» **Required action**:
Transcribe the data below verbatim from the line with "AG 2014 AAS: Palais de Rumine, Lausanne." to the line with "(Βαϊκανό, Αποστολική Βιβλιοθήκη).". Include both of those lines.
[[ Supplied material, beginning ]]
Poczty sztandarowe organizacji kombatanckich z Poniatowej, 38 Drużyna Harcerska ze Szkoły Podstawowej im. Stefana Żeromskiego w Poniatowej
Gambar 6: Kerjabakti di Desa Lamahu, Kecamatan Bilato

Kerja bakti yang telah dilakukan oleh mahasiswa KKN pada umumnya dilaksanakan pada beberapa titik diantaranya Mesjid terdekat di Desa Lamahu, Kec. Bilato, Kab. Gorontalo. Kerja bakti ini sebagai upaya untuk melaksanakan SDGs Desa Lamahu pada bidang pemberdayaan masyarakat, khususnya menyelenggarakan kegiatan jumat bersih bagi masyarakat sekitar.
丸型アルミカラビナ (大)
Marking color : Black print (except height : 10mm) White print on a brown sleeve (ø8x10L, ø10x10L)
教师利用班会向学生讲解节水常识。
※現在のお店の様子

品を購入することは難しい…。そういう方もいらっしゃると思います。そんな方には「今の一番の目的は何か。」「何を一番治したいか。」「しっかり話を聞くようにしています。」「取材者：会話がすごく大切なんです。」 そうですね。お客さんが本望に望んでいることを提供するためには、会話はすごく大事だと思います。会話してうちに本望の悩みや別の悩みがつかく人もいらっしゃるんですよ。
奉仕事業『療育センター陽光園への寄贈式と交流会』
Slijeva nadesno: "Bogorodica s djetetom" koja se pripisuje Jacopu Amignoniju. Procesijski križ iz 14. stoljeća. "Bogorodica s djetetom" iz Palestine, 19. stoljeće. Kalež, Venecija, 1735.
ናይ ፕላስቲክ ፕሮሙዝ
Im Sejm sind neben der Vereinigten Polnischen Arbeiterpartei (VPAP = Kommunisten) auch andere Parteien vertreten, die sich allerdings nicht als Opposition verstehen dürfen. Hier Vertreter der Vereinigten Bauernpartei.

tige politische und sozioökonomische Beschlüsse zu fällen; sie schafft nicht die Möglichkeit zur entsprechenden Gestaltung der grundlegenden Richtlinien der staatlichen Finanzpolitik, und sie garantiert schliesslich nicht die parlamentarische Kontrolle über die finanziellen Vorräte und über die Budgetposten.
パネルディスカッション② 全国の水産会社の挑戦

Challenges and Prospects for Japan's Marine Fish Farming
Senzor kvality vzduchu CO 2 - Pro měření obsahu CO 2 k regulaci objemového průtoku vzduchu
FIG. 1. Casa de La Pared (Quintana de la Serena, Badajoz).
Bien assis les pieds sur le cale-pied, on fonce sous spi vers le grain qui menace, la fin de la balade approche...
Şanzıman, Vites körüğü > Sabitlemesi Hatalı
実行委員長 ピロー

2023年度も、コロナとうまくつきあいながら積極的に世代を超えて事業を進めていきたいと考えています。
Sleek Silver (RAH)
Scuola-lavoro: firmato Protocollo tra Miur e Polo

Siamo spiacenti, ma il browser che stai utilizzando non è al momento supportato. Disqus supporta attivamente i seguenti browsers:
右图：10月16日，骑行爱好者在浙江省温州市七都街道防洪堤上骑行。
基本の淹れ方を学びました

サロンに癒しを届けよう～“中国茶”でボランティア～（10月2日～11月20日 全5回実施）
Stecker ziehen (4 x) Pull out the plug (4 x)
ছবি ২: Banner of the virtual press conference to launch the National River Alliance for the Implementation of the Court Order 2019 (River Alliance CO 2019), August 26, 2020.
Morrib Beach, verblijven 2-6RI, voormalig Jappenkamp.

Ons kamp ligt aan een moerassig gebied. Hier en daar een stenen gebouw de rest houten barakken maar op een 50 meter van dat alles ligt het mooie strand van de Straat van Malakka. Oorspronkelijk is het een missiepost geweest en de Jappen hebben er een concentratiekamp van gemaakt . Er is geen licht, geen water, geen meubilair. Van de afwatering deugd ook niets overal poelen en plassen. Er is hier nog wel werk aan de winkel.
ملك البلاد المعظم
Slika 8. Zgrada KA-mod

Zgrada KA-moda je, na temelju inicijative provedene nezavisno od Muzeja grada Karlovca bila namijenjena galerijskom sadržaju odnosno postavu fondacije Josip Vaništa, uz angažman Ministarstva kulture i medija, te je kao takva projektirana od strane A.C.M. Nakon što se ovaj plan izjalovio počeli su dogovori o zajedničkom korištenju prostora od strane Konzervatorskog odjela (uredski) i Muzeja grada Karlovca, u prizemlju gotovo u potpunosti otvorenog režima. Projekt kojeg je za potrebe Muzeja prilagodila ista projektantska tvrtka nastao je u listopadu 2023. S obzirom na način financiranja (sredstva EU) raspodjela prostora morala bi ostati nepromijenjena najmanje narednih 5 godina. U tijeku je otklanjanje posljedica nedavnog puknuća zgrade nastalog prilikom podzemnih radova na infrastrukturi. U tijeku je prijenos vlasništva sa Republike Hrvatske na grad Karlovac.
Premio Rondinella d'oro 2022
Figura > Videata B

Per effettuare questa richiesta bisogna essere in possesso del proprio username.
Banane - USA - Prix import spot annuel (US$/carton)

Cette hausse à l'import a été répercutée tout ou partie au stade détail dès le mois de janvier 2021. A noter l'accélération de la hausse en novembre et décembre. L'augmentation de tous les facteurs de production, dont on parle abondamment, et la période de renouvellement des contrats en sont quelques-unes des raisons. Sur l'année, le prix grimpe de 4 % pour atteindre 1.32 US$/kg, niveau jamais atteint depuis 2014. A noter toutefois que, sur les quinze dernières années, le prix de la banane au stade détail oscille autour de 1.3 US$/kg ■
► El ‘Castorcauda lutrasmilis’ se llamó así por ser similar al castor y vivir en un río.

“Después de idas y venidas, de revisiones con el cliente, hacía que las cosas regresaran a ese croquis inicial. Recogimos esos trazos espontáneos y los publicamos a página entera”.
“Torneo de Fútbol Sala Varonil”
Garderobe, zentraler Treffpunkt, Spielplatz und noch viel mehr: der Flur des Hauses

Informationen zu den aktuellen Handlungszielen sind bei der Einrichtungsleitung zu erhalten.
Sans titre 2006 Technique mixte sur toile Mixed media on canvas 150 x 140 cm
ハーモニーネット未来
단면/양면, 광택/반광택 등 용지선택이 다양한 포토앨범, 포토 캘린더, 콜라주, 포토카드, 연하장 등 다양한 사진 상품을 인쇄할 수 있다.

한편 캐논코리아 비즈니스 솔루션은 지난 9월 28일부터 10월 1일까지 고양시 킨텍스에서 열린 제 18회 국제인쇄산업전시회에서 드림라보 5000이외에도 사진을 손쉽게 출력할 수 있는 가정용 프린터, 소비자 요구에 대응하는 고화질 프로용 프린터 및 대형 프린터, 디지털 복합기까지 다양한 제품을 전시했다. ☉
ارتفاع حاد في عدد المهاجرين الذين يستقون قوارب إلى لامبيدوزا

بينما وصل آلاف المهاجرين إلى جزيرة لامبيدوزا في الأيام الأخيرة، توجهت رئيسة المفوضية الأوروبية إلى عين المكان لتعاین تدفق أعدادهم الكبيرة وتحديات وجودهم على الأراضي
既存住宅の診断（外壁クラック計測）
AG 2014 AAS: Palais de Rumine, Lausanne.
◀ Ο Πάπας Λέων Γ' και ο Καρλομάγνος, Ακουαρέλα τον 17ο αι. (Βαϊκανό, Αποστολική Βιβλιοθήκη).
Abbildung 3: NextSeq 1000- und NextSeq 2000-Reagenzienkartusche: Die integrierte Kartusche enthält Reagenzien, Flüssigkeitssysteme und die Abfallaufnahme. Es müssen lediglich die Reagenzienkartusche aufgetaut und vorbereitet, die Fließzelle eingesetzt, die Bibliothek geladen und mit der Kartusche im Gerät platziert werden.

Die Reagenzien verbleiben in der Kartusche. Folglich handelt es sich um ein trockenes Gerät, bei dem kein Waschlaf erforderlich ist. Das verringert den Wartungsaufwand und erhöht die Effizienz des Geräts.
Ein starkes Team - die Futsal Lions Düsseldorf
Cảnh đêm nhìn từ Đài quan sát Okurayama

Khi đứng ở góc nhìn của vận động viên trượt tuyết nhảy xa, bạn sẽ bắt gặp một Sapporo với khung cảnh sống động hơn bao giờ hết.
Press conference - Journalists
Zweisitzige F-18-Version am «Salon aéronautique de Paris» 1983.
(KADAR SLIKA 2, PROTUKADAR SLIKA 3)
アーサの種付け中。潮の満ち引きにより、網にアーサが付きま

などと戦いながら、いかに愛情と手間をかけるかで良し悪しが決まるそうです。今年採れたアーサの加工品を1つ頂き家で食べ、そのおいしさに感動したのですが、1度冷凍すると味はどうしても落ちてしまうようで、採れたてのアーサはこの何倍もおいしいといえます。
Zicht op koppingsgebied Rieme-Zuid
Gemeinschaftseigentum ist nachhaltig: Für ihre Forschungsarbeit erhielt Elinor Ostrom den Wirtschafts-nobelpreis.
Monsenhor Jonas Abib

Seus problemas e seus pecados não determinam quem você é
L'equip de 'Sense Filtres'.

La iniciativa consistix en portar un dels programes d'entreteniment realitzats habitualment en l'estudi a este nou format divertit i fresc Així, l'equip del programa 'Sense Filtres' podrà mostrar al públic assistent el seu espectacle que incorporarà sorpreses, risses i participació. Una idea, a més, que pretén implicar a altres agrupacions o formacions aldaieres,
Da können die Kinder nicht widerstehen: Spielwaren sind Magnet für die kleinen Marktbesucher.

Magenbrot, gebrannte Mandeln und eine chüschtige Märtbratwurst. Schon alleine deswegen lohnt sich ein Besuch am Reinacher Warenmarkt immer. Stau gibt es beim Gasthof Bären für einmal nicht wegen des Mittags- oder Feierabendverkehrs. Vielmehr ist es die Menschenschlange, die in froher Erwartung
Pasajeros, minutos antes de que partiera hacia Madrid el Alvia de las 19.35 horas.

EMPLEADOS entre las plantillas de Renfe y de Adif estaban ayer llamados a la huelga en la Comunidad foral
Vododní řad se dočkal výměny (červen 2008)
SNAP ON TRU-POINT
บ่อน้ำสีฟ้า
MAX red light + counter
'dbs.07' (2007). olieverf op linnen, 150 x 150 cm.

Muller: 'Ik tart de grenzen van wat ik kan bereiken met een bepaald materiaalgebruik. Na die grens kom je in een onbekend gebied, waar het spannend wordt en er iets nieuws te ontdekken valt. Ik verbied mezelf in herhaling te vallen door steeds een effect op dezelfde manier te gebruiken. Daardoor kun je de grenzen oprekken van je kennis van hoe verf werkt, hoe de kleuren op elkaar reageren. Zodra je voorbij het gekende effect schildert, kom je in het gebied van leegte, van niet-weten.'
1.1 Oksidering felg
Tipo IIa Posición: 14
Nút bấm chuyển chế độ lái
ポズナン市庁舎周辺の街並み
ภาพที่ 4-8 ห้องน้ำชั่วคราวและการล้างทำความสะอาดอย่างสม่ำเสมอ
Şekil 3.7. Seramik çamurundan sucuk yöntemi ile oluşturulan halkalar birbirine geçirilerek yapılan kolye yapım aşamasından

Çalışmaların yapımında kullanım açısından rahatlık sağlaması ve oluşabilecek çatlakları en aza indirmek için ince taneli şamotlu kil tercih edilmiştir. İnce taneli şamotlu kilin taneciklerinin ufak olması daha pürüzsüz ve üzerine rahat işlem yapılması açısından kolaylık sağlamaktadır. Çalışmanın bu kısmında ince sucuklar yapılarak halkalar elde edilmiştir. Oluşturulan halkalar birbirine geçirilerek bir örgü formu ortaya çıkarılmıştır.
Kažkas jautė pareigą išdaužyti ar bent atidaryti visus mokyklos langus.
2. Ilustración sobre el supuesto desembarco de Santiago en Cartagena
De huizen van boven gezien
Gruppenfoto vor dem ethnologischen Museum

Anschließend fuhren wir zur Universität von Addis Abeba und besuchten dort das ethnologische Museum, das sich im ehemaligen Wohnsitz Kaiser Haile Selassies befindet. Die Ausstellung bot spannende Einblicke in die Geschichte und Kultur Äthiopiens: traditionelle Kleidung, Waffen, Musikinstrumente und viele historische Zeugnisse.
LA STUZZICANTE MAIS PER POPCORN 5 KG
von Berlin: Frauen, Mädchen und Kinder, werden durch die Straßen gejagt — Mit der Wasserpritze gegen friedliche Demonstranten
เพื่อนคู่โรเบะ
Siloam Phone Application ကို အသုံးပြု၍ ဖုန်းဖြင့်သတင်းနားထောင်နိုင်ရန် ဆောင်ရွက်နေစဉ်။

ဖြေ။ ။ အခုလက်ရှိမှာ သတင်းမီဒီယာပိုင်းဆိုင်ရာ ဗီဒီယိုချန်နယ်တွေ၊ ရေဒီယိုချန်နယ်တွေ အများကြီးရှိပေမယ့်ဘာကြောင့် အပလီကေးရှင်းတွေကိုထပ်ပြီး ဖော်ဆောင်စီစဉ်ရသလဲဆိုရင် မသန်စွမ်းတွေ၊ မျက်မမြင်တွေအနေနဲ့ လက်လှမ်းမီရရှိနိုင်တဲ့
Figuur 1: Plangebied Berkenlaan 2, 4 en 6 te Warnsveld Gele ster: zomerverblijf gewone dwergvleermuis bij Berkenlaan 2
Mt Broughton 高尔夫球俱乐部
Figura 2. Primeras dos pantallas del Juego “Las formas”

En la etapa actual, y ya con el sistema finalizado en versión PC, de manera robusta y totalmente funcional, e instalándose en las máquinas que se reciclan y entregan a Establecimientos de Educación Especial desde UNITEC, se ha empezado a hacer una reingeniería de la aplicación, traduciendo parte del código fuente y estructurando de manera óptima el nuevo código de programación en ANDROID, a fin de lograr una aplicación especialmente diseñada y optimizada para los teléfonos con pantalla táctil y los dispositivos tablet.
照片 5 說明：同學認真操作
[[ Supplied material, end ]]
» **Task answer**:
AG 2014 AAS: Palais de Rumine, Lausanne.
◀ Ο Πάπας Λέων Γ' και ο Καρλομάγνος, Ακουαρέλα τον 17ο αι. (Βαϊκανό, Αποστολική Βιβλιοθήκη).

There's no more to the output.